» **EXERCISE REQUIREMENTS**:
As soon as the line containing "Apriyani, Trisna (2024)" appears, start repeating lines exactly and continue to the end of the entries; please skip pictures.

» **DATA SUPPLIED**:
*****

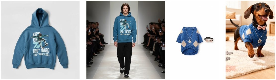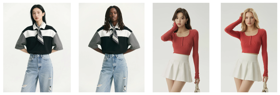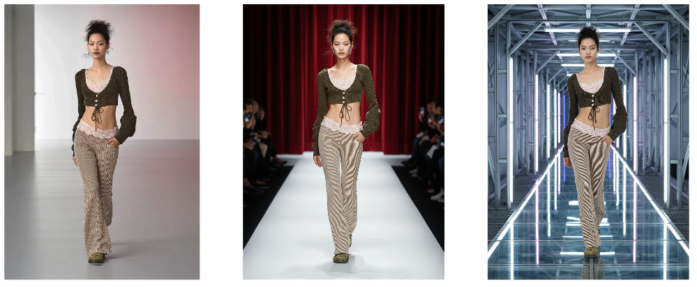 可以灵活组合多种指令,实现更高自由度的模特试衣效果
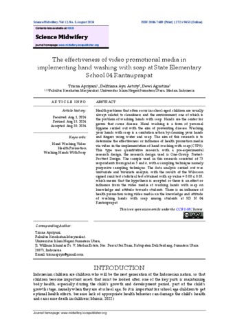 Apriyani, Trisna (2024) The effectiveness of video promotional media in implementing hand washing with soap at State Elementary School 04 Rantauprapat. Science Midwifery.
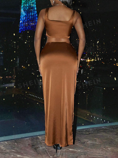 Slayr 1 Set Women's Shiny Ribbed Scoop Neck Tank Top And High Slit Ruched Mini Skirt Outfit
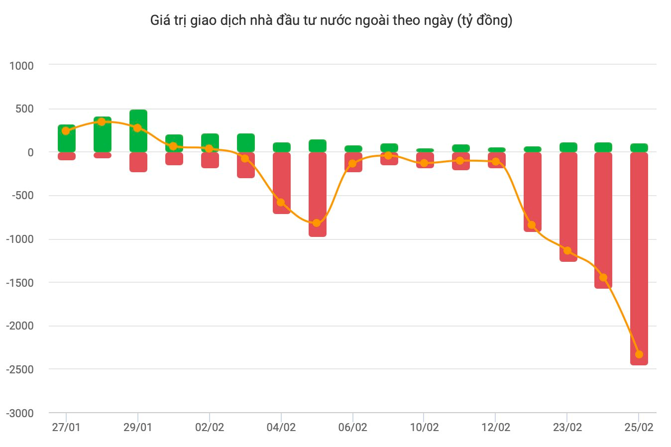 Đáng chú ý, càng giảm thanh khoản càng lớn. Khối lượng giao dịch phiên 25/2 vừa qua thậm chí còn lên đến gần 48 triệu cổ phiếu, mức kỷ lục từ khi FPT niêm yết. Lực bán chủ yếu đến từ khối ngoại với khối lượng bán ròng gần 26 triệu đơn vị (giá trị khoảng 2.400 tỷ đồng). Đây cũng là con số chưa từng có trong lịch sử cổ phiếu này.
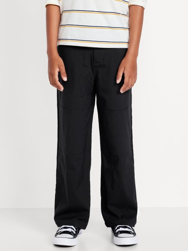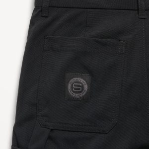ShredTech Baggy Carpenter Pants for Boys: interior adjustable waistband, snap-button closure in sizes 5-8, regular button closure in sizes 10-20, zip fly, diagonal pockets, panel at each leg, utility patch pockets at back, built-in hammer loop at left leg, made to shred — not shred up., #804693
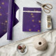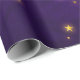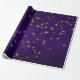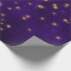Lila und goldbedrücktes Wickelpapier mit leuchtenden goldenen Sternen.

*****

» **EXERCISE RESULT**:
 Apriyani, Trisna (2024) The effectiveness of video promotional media in implementing hand washing with soap at State Elementary School 04 Rantauprapat. Science Midwifery.
 Slayr 1 Set Women's Shiny Ribbed Scoop Neck Tank Top And High Slit Ruched Mini Skirt Outfit
 Đáng chú ý, càng giảm thanh khoản càng lớn. Khối lượng giao dịch phiên 25/2 vừa qua thậm chí còn lên đến gần 48 triệu cổ phiếu, mức kỷ lục từ khi FPT niêm yết. Lực bán chủ yếu đến từ khối ngoại với khối lượng bán ròng gần 26 triệu đơn vị (giá trị khoảng 2.400 tỷ đồng). Đây cũng là con số chưa từng có trong lịch sử cổ phiếu này.
ShredTech Baggy Carpenter Pants for Boys: interior adjustable waistband, snap-button closure in sizes 5-8, regular button closure in sizes 10-20, zip fly, diagonal pockets, panel at each leg, utility patch pockets at back, built-in hammer loop at left leg, made to shred — not shred up., #804693
Lila und goldbedrücktes Wickelpapier mit leuchtenden goldenen Sternen.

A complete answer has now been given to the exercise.